It is dedicated to anyone ready and willing to live an absolutely beautiful life.
It is being put together word by word, page by page, and breakthrough by breakthrough.
It is the longest book I have ever written.
It is hefty.
It is thorough.
It is textbook worthy.
I have gone through some specific shifts that have guided me to write this book next and I have surrendered to being a channel for it's manifestation.
As with all of my books, this is a birthing process.
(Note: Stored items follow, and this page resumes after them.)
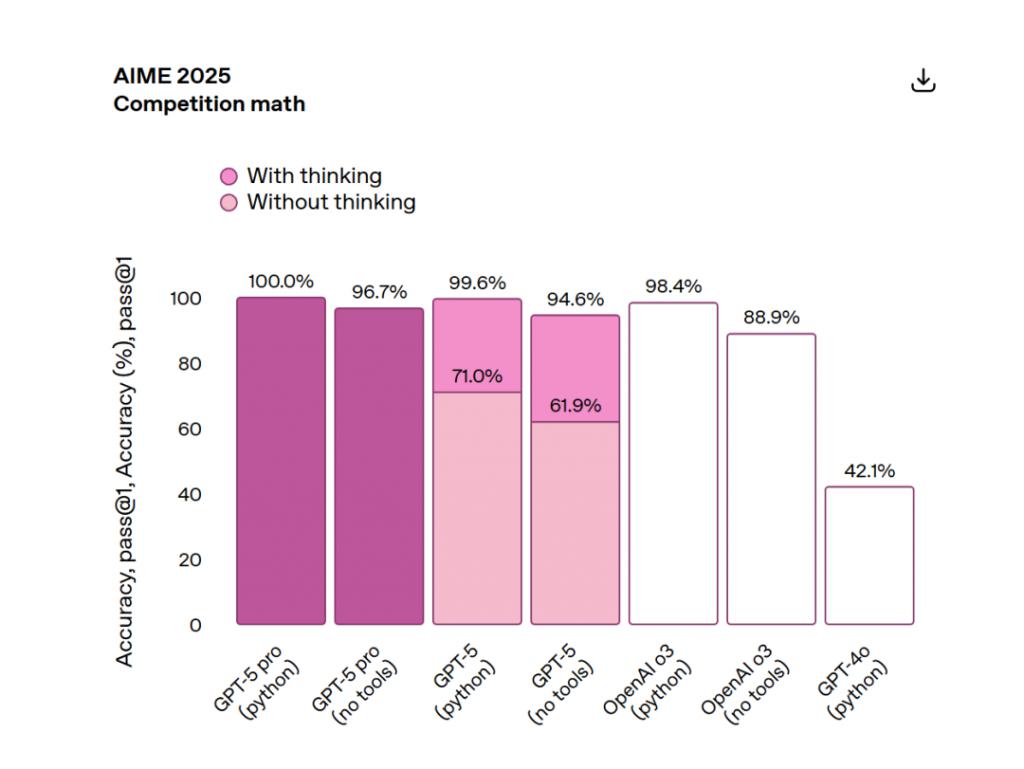 GPT-5 再次向我们证明了 " 模型即产品 " 的观点可行性——加上工具能力的 GPT-5 pro,它甚至能直接把 AIME 2025(美国数学竞赛)的测试刷满分。
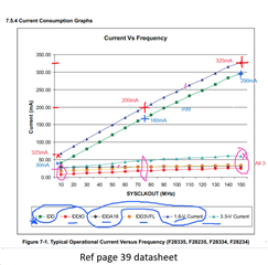 For the above image what will be total maximum currrent at 1.8V when my device is at 150MHz SYSCLKOUT. Also what is IDD currrent.
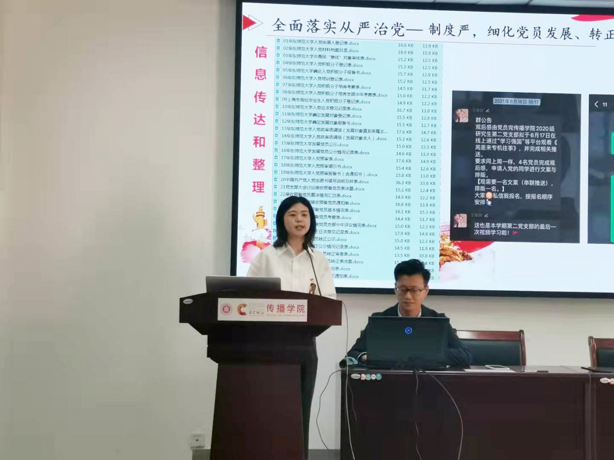 随后,啪啪啦 2020级研究生第一党支部书记韩亚鲁介绍了党支部组织生活与系列活动。包括:参观上海历史博物馆、助力进博会、“红色”手工模型搭建竞赛、“微党课”制作竞赛等“四史”、党史学习教育活动,让全体学生党员对日常的党组织生活有了更直观的了解。

I have been dedicating my entire being to alchemizing energy into word form as to deliver a book that will guide humans back to the core of everything: love.
My online presence has been quiet because I am in my ninth month of this pregnancy. This book is in the birth canal and I am pushing until August 5, until my midwife and editor
will take great care of her.
of Pina Publishing are preparing for her public arrival on Thanksgiving Day this year and have a lot of creativity to transmute between now and then.
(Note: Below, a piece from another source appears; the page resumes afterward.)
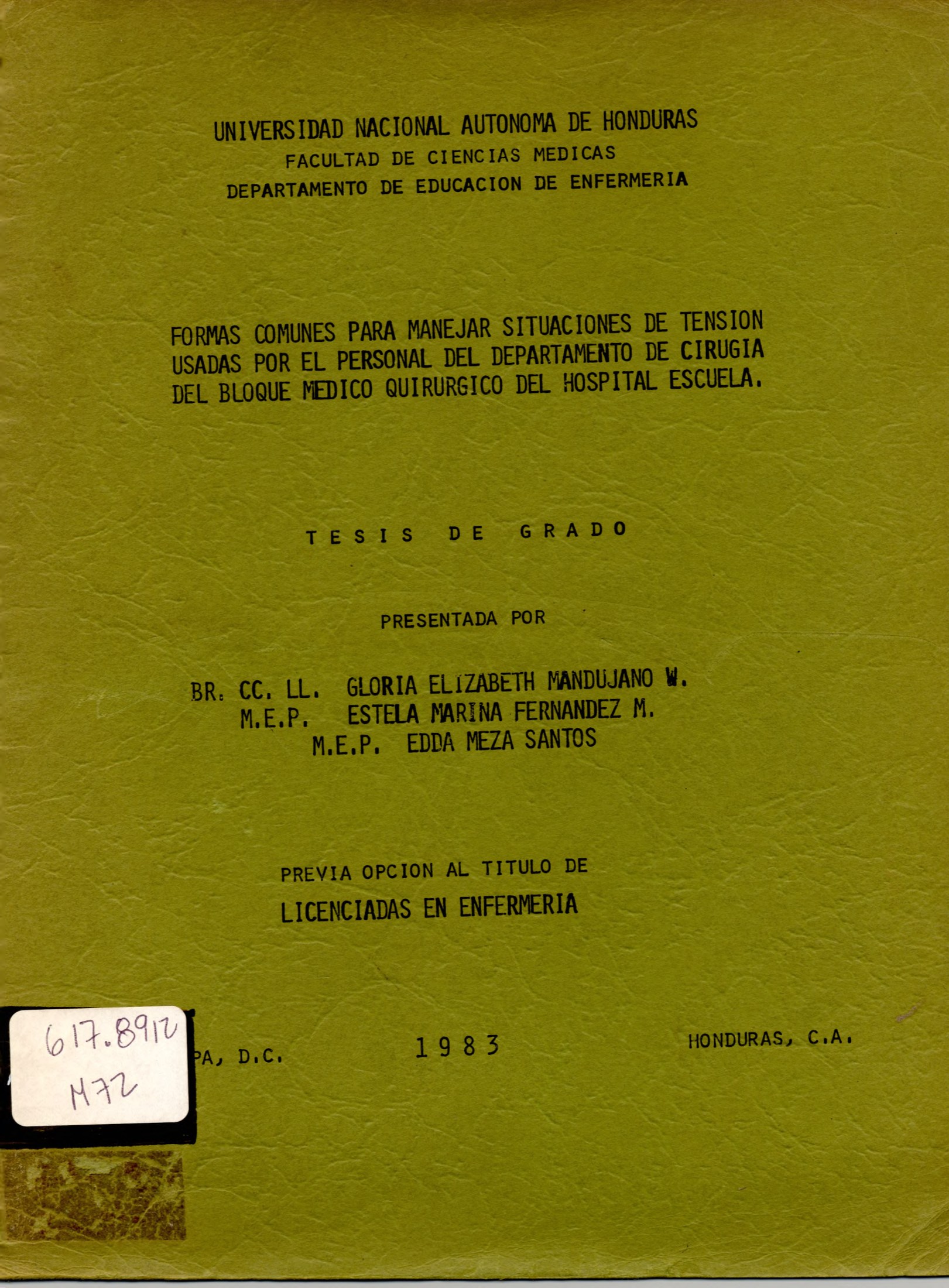 FORMAS COMUNES PARA MANEJAR SITUACIONES DE TENSION USADAS POR EL PERSONAL DEL DEPARTAMENTO DE CIRUGIA DEL BLOQUE MEDICO QUIRURGICO DEL HOSPITAL ESCUELA

For now, I want to share my overflowing joy and gratitude for this gift.
To be a writer.
To be so divinely led.
To be so held and supported.
To be in such allowance and flow as to receive so fully.
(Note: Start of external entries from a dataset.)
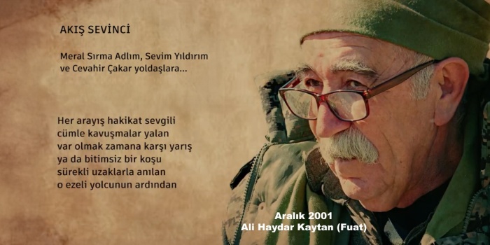 Ali Haydar’dır. Yolcu iken yolun kendisi olan ve devri âlemde semah çeviren turnaların şahı. Bizi bu divana pervane eden ve zamanın sonsuzluğuna âşık eden Ali Haydar. Dört bin yıl sonra bize bir akarsu getiren ve çiçeği konuşturan Haydar. Yaralı turnaları saran ve acıya yoldaş olmayı öğreten dergâh.
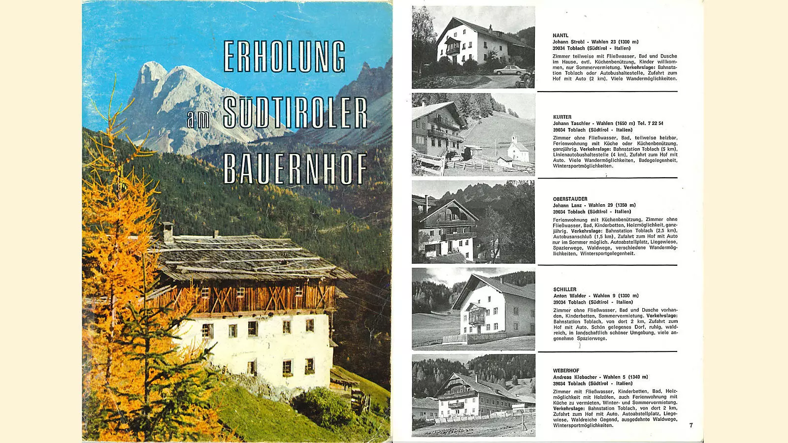 W 1971 roku ukazał się pierwszy katalog „Agroturystyka” z zestawieniem 236 gospodarstw w całym Południowym Tyrolu. Ciekawy szczegół: w tamtym czasie informacje na temat danego gospodarstwie skupiały się głównie na dojeździe do niego oraz na dostępie do wody w gospodarstwie.
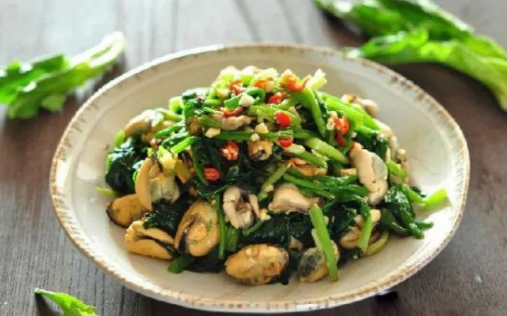 3. 将菠菜清洗干净,焯水后切段,跟海虹放在大碗里

The blessings are raining down all over life and I couldn't be more grateful in these moments.
May these words fill you up with the breath of life, gratitude, and joy.
May they awaken your spirit and lift the corners of your lips.
May they touch your heart and inspire you to unleash it.
Live a life you absolutely love.
Originally written Jan 7, 2020:
This year's word TRANSCEND came to me and it made perfect sense.
It means to be or go beyond the range or limits of (something abstract, typically a conceptual field or division).
I can see how TRANSCENDING in 2020 is a natural evolution of both my material and spiritual journey.
Something that I am so excited about and committed to in 2020 is to TRANSCEND manipulations of the truth.
When I say truth, I am talking about what you know within you; your self, that soft voice you hear when it matters most, your authentic superpower, your intuition, your inner knowing, and your inner guidance.
Manipulations of the truth in our world look like controlling, governing, judging, scrutinizing, discriminating, shaming, blaming, possessing, and more.
It is the illusion of darkness due to an absence of light.
Manifestations of these manipulations look like gossip, numbing out, self-harming, withholding/hiding out, stressing, isolating, betrayal, scandal, lying, thieving, spending wildly and more.
Darkness looms at these low vibrational levels and you can exit them by no longer entertaining them in your energy field.
You honestly need nothing more than your inner guidance system to get anywhere you're going in life and the external factors in your world will convince you otherwise quickly and efficiently…
I intend to TRANSCEND darkness and manipulations of the truth by returning to love fast and frequently.
Pro Tip: Being able to do so will help you TRANSCEND any and all perceived ‘problems.’
Potentially unpopular opinion: the problems of the world are all perceived and relative.
I do not say this to sound insensitive and I understand that it may trigger someone wrapped up in their circumstances. However, transcending lower vibrational energies will have you transcending problems with ease, grace, and flow.
Even Einstein warned, “you cannot solve a problem from the same state in which it was created.”
You must transcend your state of being in order to transform anything about your life or this world.
Truly accepting that you are the creator of your reality, you can choose what you let in and out of your life.
This will give you your power back in such a way that the delusions of darkness, opinions, actions, and reactions will not affect you the way they had in the past.
They will no longer stop you in your passions and visions of your best life.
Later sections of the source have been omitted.